The line containing "虽然它的武器听起来操作有些别", plus every line that follows it to the end of the listing below, is what you transcribe exactly; omit all pictures.
[Start of Attachment]
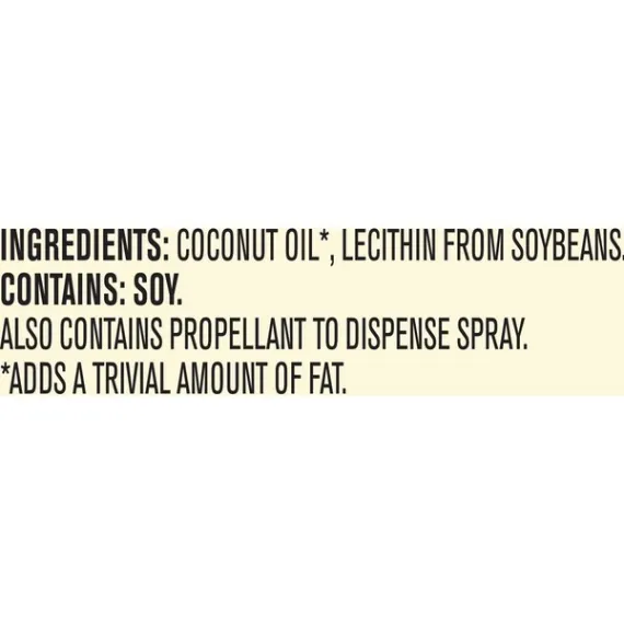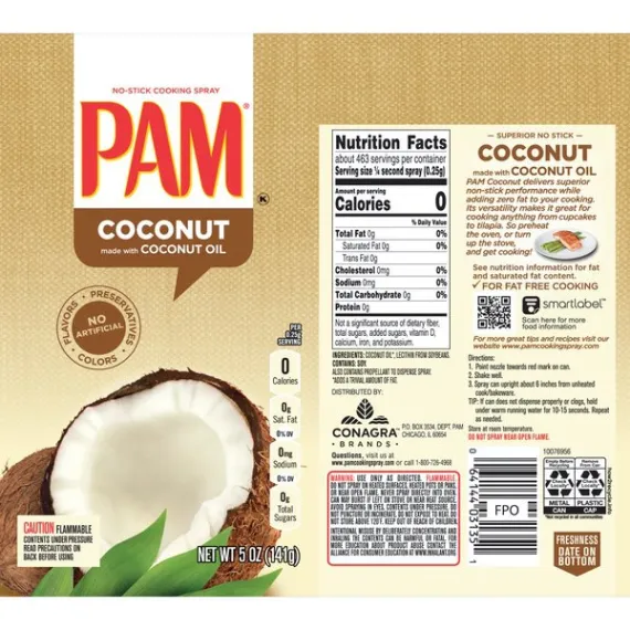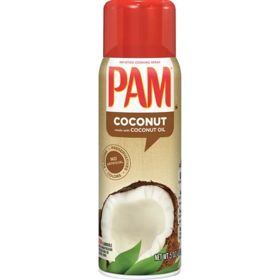 Details Ingredients Coconut Oil*, Lecithin from Soybeans CONTAINS: SOY. Also contains propellant to dispense spray. *Adds a trivial amount of fat. Product features PAM Coconut Oil Cooking Spray is made from non-GMO ingredients. With a subtle taste, this non-hydrogenated coconut oil spray is versatile for almost any dish. Spray PAM Coconut Oil directly on food to lock in flavor and texture, or spray it on pans and skillets for easy cooking and cleanup. With PAM's superior non-stick capabilities, it's perfect for roasting meat and veggies, baking muffins or whipping up an omelet. Enjoy your favorite recipes with PAM Non-GMO Coconut Cooking Spray. Includes one 5-ounce bottle of PAM Non-GMO Coconut Oil Cooking Spray Made with non-hydrogenated coconut oil, this PAM Spray has a neutral taste, allowing it to work well with almost any dish PAM Coconut Oil Spray is perfect for anything, from baking muffins to roasting meats and veggies Spray PAM Coconut Oil directly on food to lock in flavor and texture This non-GMO cooking spray is the perfect complement to your healthy dishes Net Quantity of Content 463.0 X 0.25g
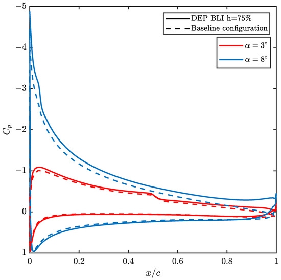 Figure 6 exemplifies in solid lines for a propeller height position of 75% the change in the of the suction side (mostly negative values of ) and pressure side (mostly positive values of ) due to the increase in the angle of attack, along the normalised chord of the airfoil. As a reference, and in dashed lines, the results for a case without BLI is also shown.
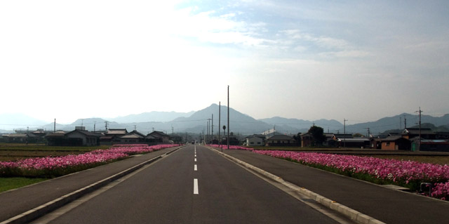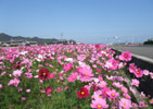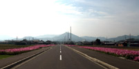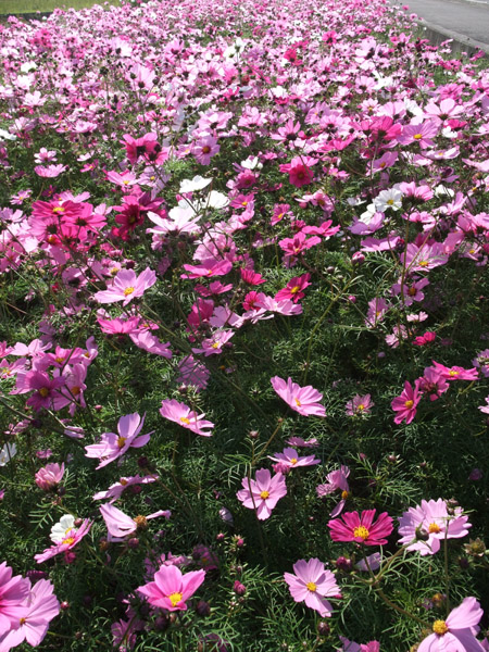 休耕田に植えられた道端のコスモス (2009/11/8)
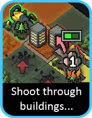 虽然它的武器听起来操作有些别扭……但实际上相当不错,而且很适合狭窄的地方。终于,你可以站在建筑物的另一边,把 vek(异虫)从建筑物旁射飞(奇怪的是,这种推击能力似乎不会把建筑物里的居民也推出去,不过我和他们都没意见)。
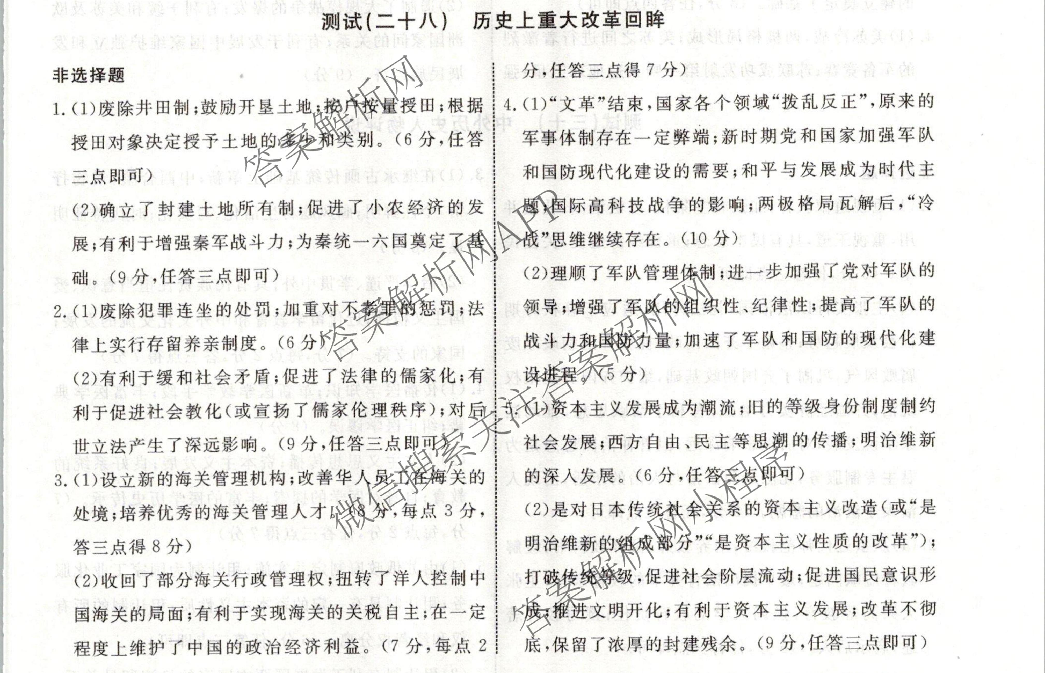 衡水名师卷2023-2024学年度高三一轮复习考点测试卷历史(40分钟同心圆)(二十八)28答案
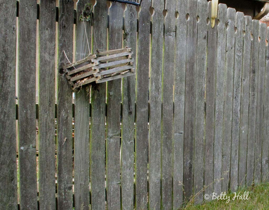 This wooden planter was made by our son about thirty years ago. It’s hanging on the fence near our patio and from a distance it looks empty. However it contains a special surprise.
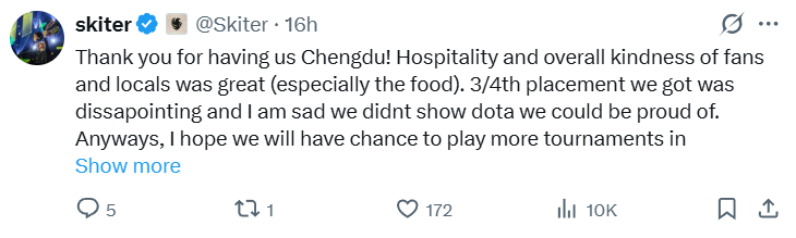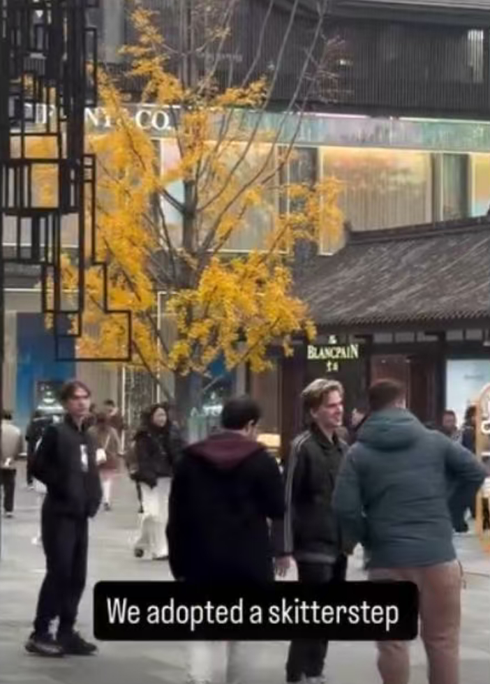 石头人全队去太古里逛街购物偶遇了Skiter,Skiter在自己的Instagram上发了好多在中国的照片,他表示这次成都行给自己留下了非常美好的回忆,成都粉丝很热情、当地美食也很好吃,希望下次还能有机会来中国比赛
[End of Attachment]
Output:
 虽然它的武器听起来操作有些别扭……但实际上相当不错,而且很适合狭窄的地方。终于,你可以站在建筑物的另一边,把 vek(异虫)从建筑物旁射飞(奇怪的是,这种推击能力似乎不会把建筑物里的居民也推出去,不过我和他们都没意见)。
 衡水名师卷2023-2024学年度高三一轮复习考点测试卷历史(40分钟同心圆)(二十八)28答案
 This wooden planter was made by our son about thirty years ago. It’s hanging on the fence near our patio and from a distance it looks empty. However it contains a special surprise.
 石头人全队去太古里逛街购物偶遇了Skiter,Skiter在自己的Instagram上发了好多在中国的照片,他表示这次成都行给自己留下了非常美好的回忆,成都粉丝很热情、当地美食也很好吃,希望下次还能有机会来中国比赛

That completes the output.